Once the Jenkins job gets executed, it sends the build URL and updated deployment log to the database for visibility over the front end.

Configuring AWS Resources

We used the following AWS resources for Sandbox deployment:

Amazon ECS

Amazon ECS is a fast and highly scalable container management service that can be used to run, stop, and manage containers on a cluster. We use it for application deployment and scaling.

ECR

It is the storage of docker images on AWS. ECS pulls images from ECR to deploy.

ALB (Application Load Balancer)

We use the application load balancer to distribute incoming traffic among EC2 instances.

Security Group

This is used to control incoming and outgoing traffic for our EC2 instances.

DNS & Load Balancers

The Domain Name System (DNS) turns domain names into IP addresses, which browsers use to load internet pages.

Load Balancer acts as a reverse proxy and distributes the incoming traffic across multiple targets, such as EC2 instances, containers, and IP addresses.

We have a specific domain name convention that we have optimized for our use case:

https://<sandbox-name>.<service-name>.shipsy.io

We have also created a wildcard subdomain in AWS Route 53, where our DNS zone is present:

*.demoprojectxsandbox2.shipsy.io

This DNS record is mapped to its corresponding application load balancer DNS name.

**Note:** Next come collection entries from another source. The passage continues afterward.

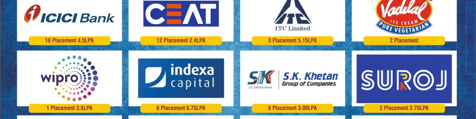 - Our students are being placed across a various sectors, throughout the length & breadth of the country and as well as overseas.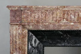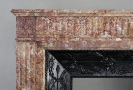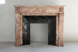 Antique mantle of Brocatelle marble from France in the style of Louis XVI. This 19th century mantelpiece is decorated with fluting in the font part and continuous on the legs. What makes this fireplace special is the cast iron insert that is made for this fireplace.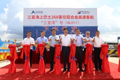 2021年5月27日09:38,中交海投所屬三亞藍色干線268客位高速客船“三亞灣”號在澳龍船廠順利下水。中交海投黨委副書記、總經(jīng)理周濟,九洲控股集團副總經(jīng)理、九洲藍色干線公司黨委書記、董事長梁凱斌,澳龍船廠董事長晏志清出席儀式并致辭。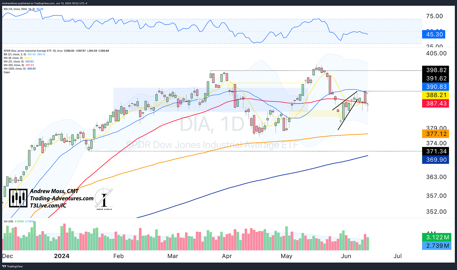 DIA was rejected squarely at the 21-day MA, and now the bearish rising wedge pattern has more merit. If it doesn’t recapture the $391.62 pivot fairly soon, a trip to $377-$378 is very possible for the Dow 30.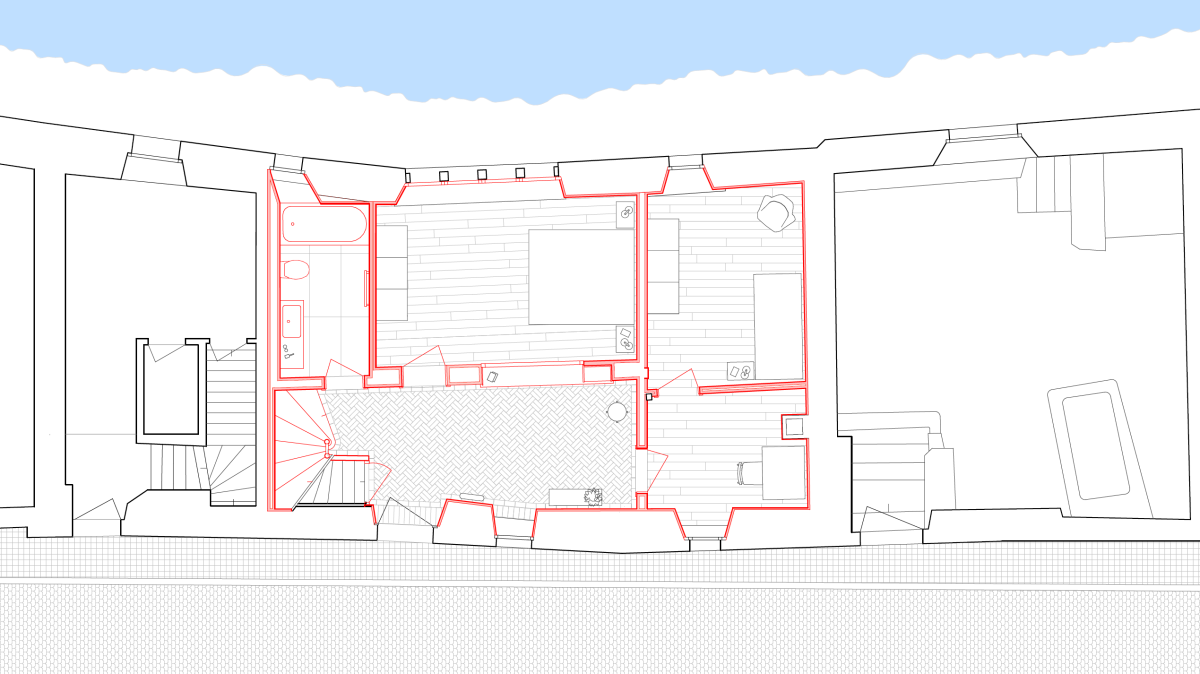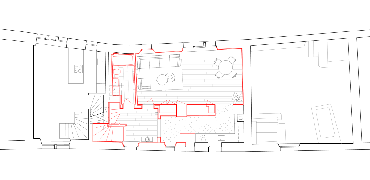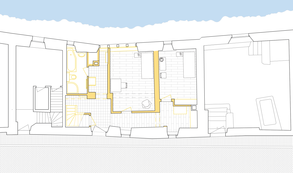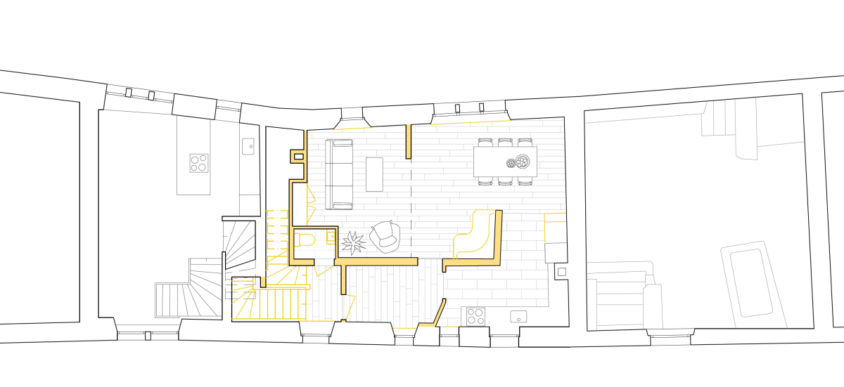 Wände und Decken waren über Jahrhunderte Schicht um Schicht überdeckt worden – Anstrich über Anstrich, Täfer auf Täfer, Pavatex, zuletzt ein kunststoffvergüteter Abrieb auf Gipsplatten. Was als sanfte Oberflächensanierung begann, führte schliesslich zum Rückbau sämtlicher Schichten bis auf das rohe Bruchsteinmauerwerk.

Then the load balancers forward the request to AWS Target Group using HTTP/HTTPS listener rules.

HTTP/HTTPS listener rules examples:

Screenshot 2022-09-02 at 11.58.40 AM.png

Next, we use the Target Group to route requests to one or more registered targets, in our case EC2 instances. This Target Group has all the information such as the IP address of the EC2 instance, port, health check status, etc.

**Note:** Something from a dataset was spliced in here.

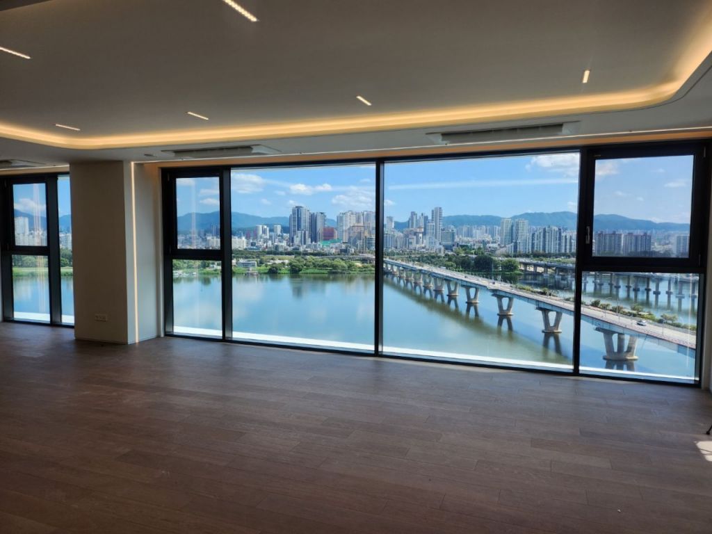 포제스 한강 전용 216㎡타입 내부 방의 한강뷰. 오유교 기자.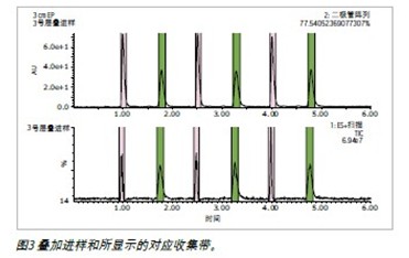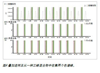 圖3顯示了對(duì)一種雙峰混合物進(jìn)行疊加進(jìn)樣后得出的典型色譜圖。紫外和質(zhì)譜對(duì)所需物質(zhì)的檢測(cè)結(jié)果均是正確的,從而確保了通過紫外或質(zhì)譜觸發(fā)可進(jìn)行可靠而成功的餾分收集。在本例中,紫外信號(hào)用作收集觸發(fā);必要時(shí)也可使用質(zhì)譜信號(hào)。

Load balancers have a listener rules limit and we have set the number of load balancers for our demo sandbox according to our use case.

The entire conversation flow goes like this:

DNS record → Application Load Balancer → Target Group → EC2 instance → Container

Take a look at the following image for a better understanding:

Screenshot 2022-09-02 at 12.03.27 PM.png

Deployment - Behind the Scenes

We have already mentioned that the backend server inserts user deployment data into the database and triggers Jenkins job with the parameter - newly created demo deployment log id.

Then, the Jenkins Pipeline executes the deployment script over SSH with the parameter - recently received log id, so that we can fetch necessary user deployment data from the database.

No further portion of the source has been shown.